▸ Material supplied:

::::::::

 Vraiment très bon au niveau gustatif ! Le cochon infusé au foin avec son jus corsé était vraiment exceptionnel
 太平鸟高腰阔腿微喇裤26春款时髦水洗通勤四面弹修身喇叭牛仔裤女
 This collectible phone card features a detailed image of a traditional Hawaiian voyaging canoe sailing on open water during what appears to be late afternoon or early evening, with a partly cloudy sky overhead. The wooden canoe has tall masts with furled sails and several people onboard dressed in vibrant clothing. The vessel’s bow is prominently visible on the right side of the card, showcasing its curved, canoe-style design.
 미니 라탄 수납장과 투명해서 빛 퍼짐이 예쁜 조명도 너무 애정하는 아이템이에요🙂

::::::::

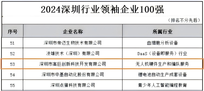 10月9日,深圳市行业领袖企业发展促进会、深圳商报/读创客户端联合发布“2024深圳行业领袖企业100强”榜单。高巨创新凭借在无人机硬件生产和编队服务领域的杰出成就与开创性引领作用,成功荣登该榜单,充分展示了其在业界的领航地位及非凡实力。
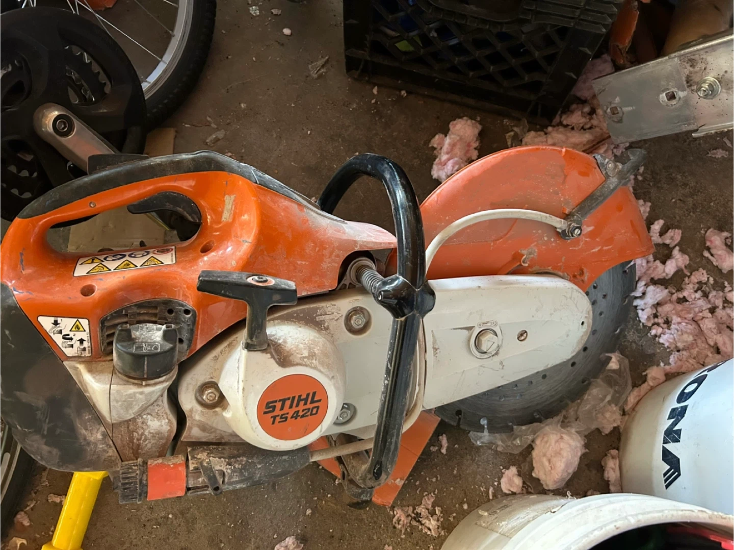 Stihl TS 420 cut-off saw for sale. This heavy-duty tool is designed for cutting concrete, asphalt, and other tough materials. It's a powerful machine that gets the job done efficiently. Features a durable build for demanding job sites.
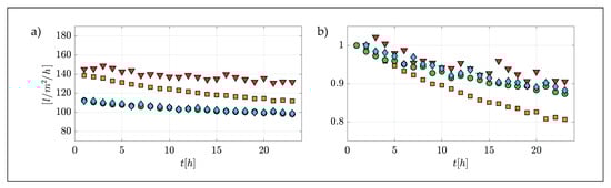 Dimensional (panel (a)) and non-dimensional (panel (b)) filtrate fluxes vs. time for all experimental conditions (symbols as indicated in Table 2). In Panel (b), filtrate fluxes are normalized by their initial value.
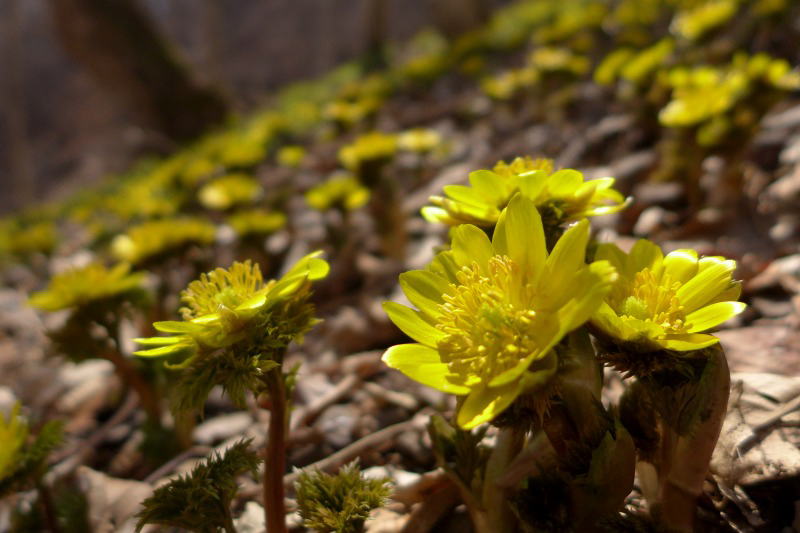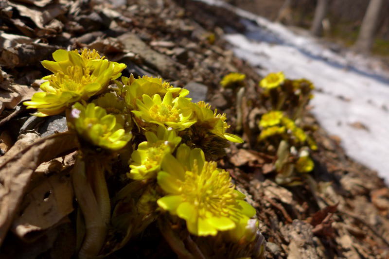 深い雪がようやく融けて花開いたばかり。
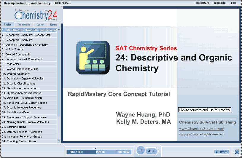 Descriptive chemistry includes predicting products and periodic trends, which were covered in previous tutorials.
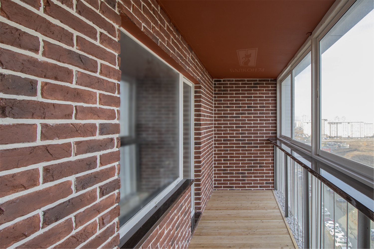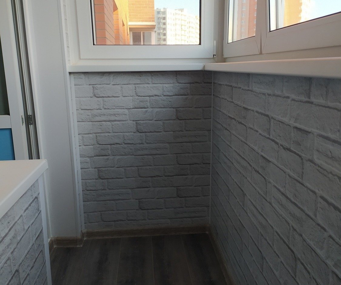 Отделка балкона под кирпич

::::::::

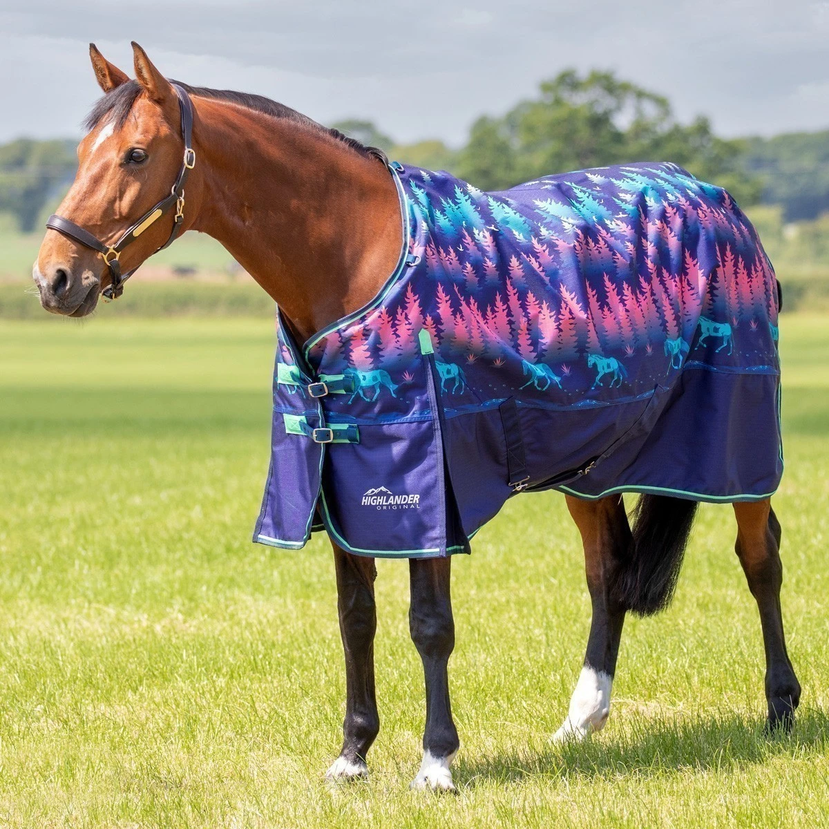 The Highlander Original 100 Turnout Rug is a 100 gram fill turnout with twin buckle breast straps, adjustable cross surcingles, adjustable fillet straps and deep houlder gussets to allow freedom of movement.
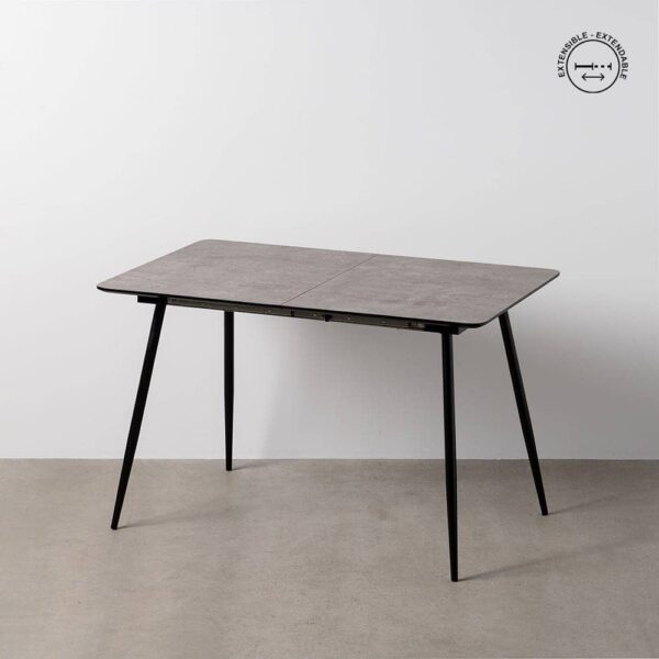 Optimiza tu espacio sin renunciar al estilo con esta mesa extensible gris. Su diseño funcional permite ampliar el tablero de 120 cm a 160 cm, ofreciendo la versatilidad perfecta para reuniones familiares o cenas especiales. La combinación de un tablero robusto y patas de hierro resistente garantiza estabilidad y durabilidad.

::::::::

▸ Instructions for the task:
Output exactly the lines of the listing above that start with the one holding "深い雪がようやく融けて花開いたばかり。" and go on through the one holding "Отделка балкона под кирпич"; leave the pictures out.

▸ Your solution:
 深い雪がようやく融けて花開いたばかり。
 Descriptive chemistry includes predicting products and periodic trends, which were covered in previous tutorials.
 Отделка балкона под кирпич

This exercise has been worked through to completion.